Writing the field equations in this way shows that the proposed gauge-invariant gyrokinetic model can in fact be interpreted as a material property in the macroscopic Maxwell equations. As with the vacuum Maxwell equations, we find that substituting the partial time derivative of Gauss’s law (5.44a ) in the divergence of the Ampère–Maxwell law (5.44d ) yields the free-charge continuity equation (5.43). Hence, the field equations possess a constraint which is automatically satisfied as a consequence of the particle EOMs.
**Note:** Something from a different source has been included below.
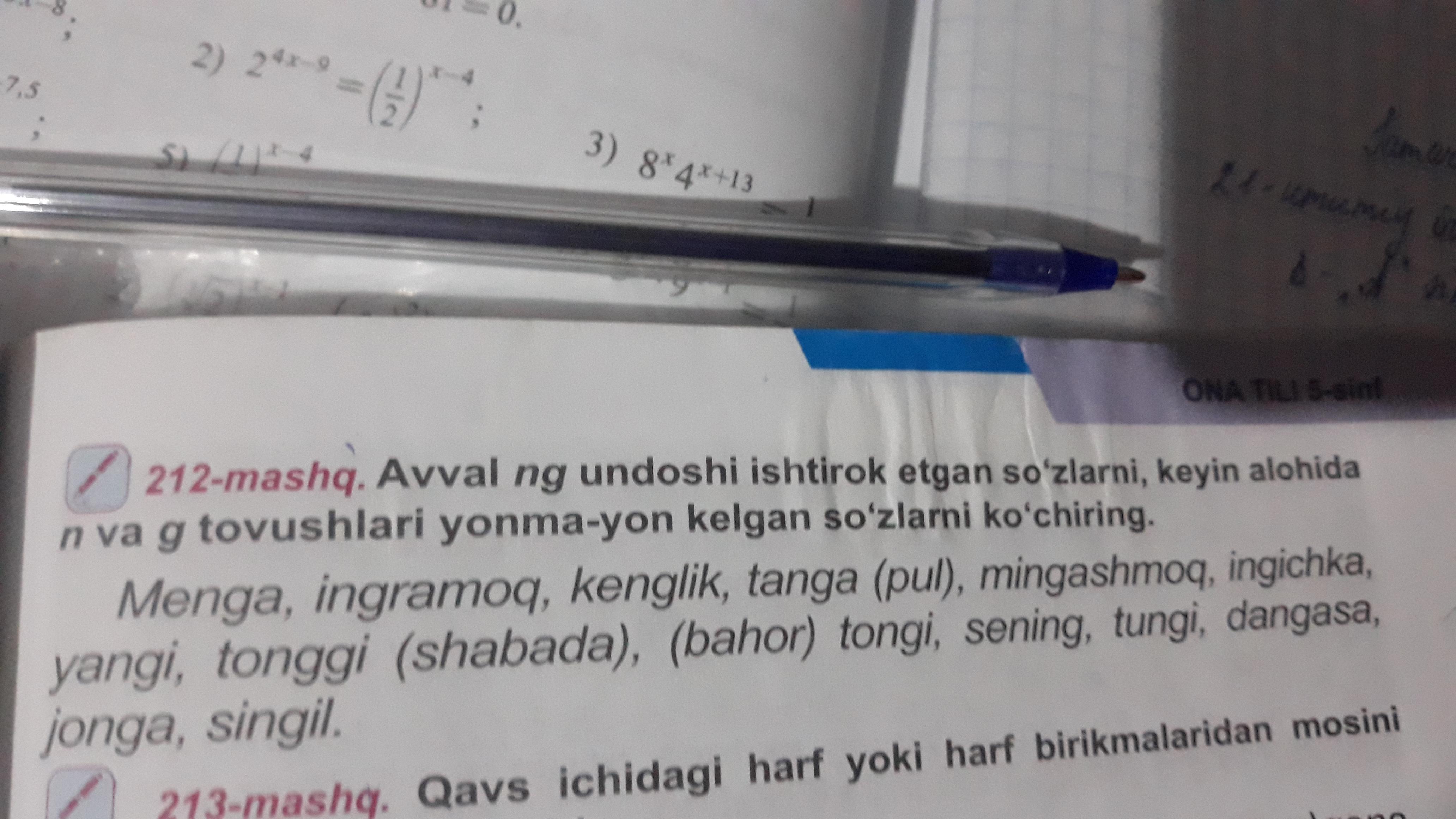 212-mashq. Avval ng undoshi ishtirok etgan sòzlarni, keyin alohoda n va ga tovushlari yonma-yon kelgan sòzarni kòchiring

The fact that precisely this constraint arises in the field equations is a consequence of gauge invariance of the gyrocentre single-particle phase-space Lagrangian (cf. (4.36)) as discussed in § 5.7 and, in particular, Remark4.

5.5. Structure of the initial value problem

The Ampère–Maxwell law (5.44d ) can be written as (upon substitution of Faraday’s law (5.44c))
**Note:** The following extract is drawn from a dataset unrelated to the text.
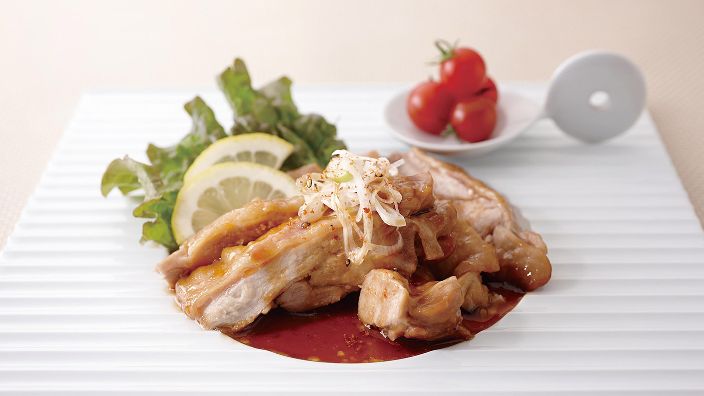 - When cooking is complete, serve the chicken and the garnish ingredients on a plate. Season with shichimi peppers as desired.

(5.45) \begin{equation} \left ( \epsilon _0 \unicode{x1D644}_3 + \mathcal{C}(1) {\varPi }_\perp \right ) \frac {\partial {\boldsymbol{E}}}{\partial t} = \boldsymbol{\nabla }\times {\boldsymbol{\mathcal{H}}} - \overline {{\boldsymbol{\mathcal{J}}}}{}^{\mathrm{f}} + \mathcal{C}({u}_\shortparallel ) {{\boldsymbol{\hat {b}}}_0} \times (\boldsymbol{\nabla }\times {\boldsymbol{E}}), \end{equation}

where the perpendicular projection matrix is defined as

(5.46) \begin{equation} {\varPi }_\perp \mathrel {\mathop :}= \unicode{x1D644}_3 - {{\boldsymbol{\hat {b}}}_0} \otimes {{\boldsymbol{\hat {b}}}_0}, \end{equation}

and we have defined the spatially varying functions $\mathcal{C}(\zeta )$ as

(5.47) \begin{equation} \mathcal{C}(\zeta ) \mathrel {\mathop :}= \frac {1}{B_0^2} \sum _s m_s \int {f}^0_{s} \zeta \mathfrak{J}_{0,s} \,\mathrm{d}^3 {u} . \end{equation}

We note that the positivity of $\mathcal{C}(1)$ implies that the matrix on the left-hand side can be trivially inverted, provided that the vacuum permittivity $\epsilon _0$ is positive. This results in an evolution equation for the electric field $\boldsymbol{E}$ , which, combined with the evolution equation for the magnetic field $\boldsymbol{B}$ (i.e. Faraday’s law (5.44c )) as well as the particle EOMs (5.23), yields an initial value problem (IVP) for the unknowns $({\boldsymbol{E}}, {\boldsymbol{B}}, {f}_s)$ (where the solution of the characteristics ${\boldsymbol{Z}}(t; {\boldsymbol{z}}^0, t^0)$ define the distribution function ${f}_s$ ). We note that solving this IVP requires an initial particle distribution function ${f}^0_{s}$ that has to be compatible with the background magnetic field ${\boldsymbol{B}}_0$ (as discussed in § 5.6), an initial electric field ${\boldsymbol{E}}^0$ that satisfies Gauss’s law (5.44a ) and an initial magnetic field ${\boldsymbol{B}}^0$ that satisfies the magnetic Gauss law (5.44b ).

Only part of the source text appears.